- [Work to be completed]
From the records below, copy out exactly the lines from the one containing "Athena standing facing, head" to the one containing "Obraz jest jak", both included. Add nothing else.

- [Material provided]
'''

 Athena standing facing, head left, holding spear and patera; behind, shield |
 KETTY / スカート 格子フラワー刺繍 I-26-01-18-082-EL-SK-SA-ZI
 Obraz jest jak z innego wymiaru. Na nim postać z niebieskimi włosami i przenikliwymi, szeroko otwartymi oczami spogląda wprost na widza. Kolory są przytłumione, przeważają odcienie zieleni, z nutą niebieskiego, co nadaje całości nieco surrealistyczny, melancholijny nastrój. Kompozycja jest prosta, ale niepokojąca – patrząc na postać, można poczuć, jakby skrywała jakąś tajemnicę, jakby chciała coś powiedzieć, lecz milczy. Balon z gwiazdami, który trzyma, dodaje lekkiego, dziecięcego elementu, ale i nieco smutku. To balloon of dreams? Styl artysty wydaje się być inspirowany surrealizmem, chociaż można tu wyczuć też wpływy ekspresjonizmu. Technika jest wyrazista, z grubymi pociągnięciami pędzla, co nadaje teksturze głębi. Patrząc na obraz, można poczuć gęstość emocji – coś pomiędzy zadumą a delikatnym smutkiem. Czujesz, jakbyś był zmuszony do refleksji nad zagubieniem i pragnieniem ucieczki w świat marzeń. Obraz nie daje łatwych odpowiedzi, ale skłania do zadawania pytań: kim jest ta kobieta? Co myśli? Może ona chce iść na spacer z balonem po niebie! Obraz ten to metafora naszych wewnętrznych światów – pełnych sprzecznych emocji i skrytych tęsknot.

'''
'''

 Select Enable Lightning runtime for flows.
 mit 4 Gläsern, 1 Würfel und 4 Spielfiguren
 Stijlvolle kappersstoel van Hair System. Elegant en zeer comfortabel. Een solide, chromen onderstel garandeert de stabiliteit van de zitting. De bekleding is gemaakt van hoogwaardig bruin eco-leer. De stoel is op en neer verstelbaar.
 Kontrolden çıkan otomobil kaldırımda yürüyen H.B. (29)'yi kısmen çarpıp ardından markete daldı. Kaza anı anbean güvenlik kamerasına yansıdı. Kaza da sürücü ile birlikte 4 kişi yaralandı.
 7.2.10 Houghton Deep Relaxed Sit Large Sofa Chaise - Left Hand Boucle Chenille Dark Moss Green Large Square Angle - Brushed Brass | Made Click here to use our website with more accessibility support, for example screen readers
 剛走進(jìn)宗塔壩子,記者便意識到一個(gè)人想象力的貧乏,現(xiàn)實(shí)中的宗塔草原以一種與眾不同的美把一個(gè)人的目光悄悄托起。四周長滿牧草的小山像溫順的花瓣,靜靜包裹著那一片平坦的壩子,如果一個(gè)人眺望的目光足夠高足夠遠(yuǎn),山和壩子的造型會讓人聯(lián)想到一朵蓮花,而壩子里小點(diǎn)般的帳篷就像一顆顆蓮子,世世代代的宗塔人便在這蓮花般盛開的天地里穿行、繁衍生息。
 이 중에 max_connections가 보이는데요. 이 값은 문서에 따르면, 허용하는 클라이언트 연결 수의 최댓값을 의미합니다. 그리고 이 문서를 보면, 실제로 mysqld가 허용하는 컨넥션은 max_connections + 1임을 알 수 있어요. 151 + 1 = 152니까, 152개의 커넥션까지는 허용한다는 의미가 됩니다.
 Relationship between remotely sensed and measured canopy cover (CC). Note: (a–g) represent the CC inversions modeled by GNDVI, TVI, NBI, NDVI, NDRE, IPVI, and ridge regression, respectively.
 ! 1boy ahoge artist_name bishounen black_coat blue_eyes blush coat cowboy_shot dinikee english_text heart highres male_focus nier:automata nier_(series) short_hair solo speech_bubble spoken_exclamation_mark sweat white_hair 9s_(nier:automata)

'''
'''

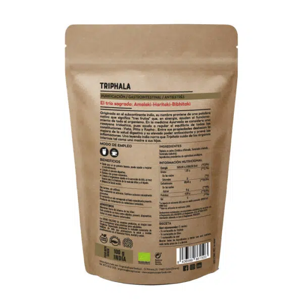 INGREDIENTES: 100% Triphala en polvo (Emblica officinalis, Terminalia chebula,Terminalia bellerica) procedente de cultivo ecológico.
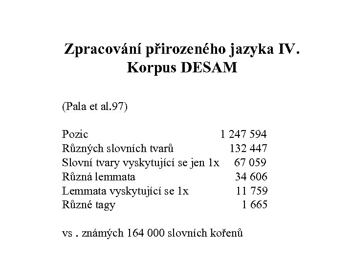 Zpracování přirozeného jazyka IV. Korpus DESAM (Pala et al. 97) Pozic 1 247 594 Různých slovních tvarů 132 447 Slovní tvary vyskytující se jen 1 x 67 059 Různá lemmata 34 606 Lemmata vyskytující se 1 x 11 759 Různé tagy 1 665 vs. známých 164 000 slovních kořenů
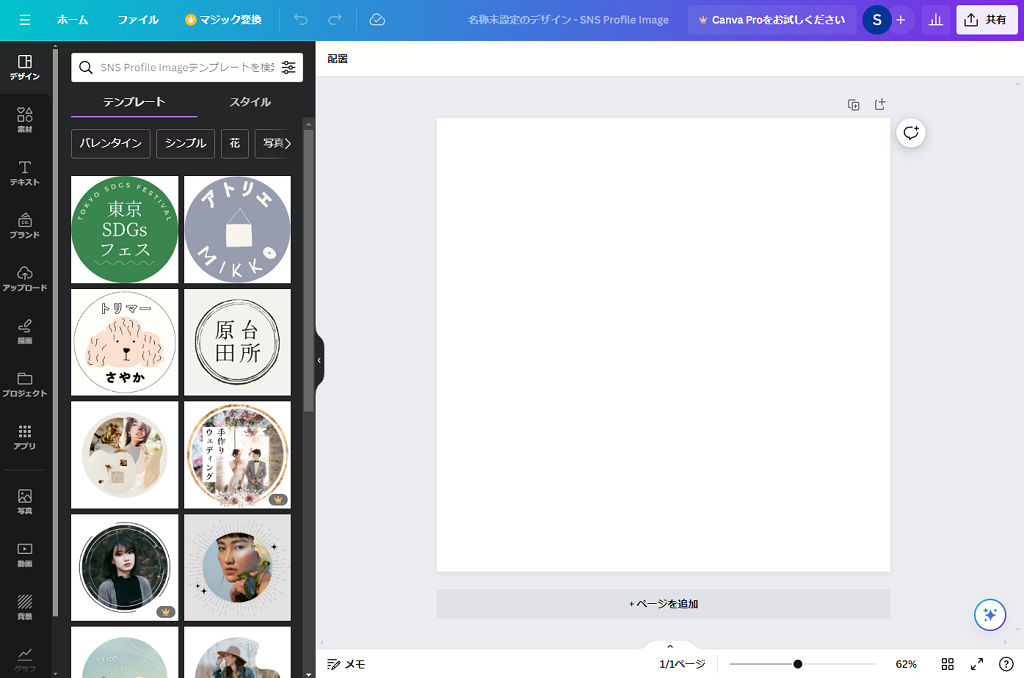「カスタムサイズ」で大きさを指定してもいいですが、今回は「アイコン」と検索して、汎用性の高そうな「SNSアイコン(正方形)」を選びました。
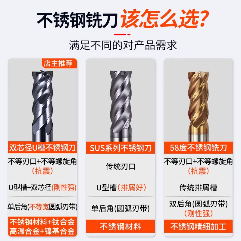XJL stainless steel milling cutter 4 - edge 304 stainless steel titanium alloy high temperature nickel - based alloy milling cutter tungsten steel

'''

- [Answer to this task]
 Athena standing facing, head left, holding spear and patera; behind, shield |
 KETTY / スカート 格子フラワー刺繍 I-26-01-18-082-EL-SK-SA-ZI
 Obraz jest jak z innego wymiaru. Na nim postać z niebieskimi włosami i przenikliwymi, szeroko otwartymi oczami spogląda wprost na widza. Kolory są przytłumione, przeważają odcienie zieleni, z nutą niebieskiego, co nadaje całości nieco surrealistyczny, melancholijny nastrój. Kompozycja jest prosta, ale niepokojąca – patrząc na postać, można poczuć, jakby skrywała jakąś tajemnicę, jakby chciała coś powiedzieć, lecz milczy. Balon z gwiazdami, który trzyma, dodaje lekkiego, dziecięcego elementu, ale i nieco smutku. To balloon of dreams? Styl artysty wydaje się być inspirowany surrealizmem, chociaż można tu wyczuć też wpływy ekspresjonizmu. Technika jest wyrazista, z grubymi pociągnięciami pędzla, co nadaje teksturze głębi. Patrząc na obraz, można poczuć gęstość emocji – coś pomiędzy zadumą a delikatnym smutkiem. Czujesz, jakbyś był zmuszony do refleksji nad zagubieniem i pragnieniem ucieczki w świat marzeń. Obraz nie daje łatwych odpowiedzi, ale skłania do zadawania pytań: kim jest ta kobieta? Co myśli? Może ona chce iść na spacer z balonem po niebie! Obraz ten to metafora naszych wewnętrznych światów – pełnych sprzecznych emocji i skrytych tęsknot.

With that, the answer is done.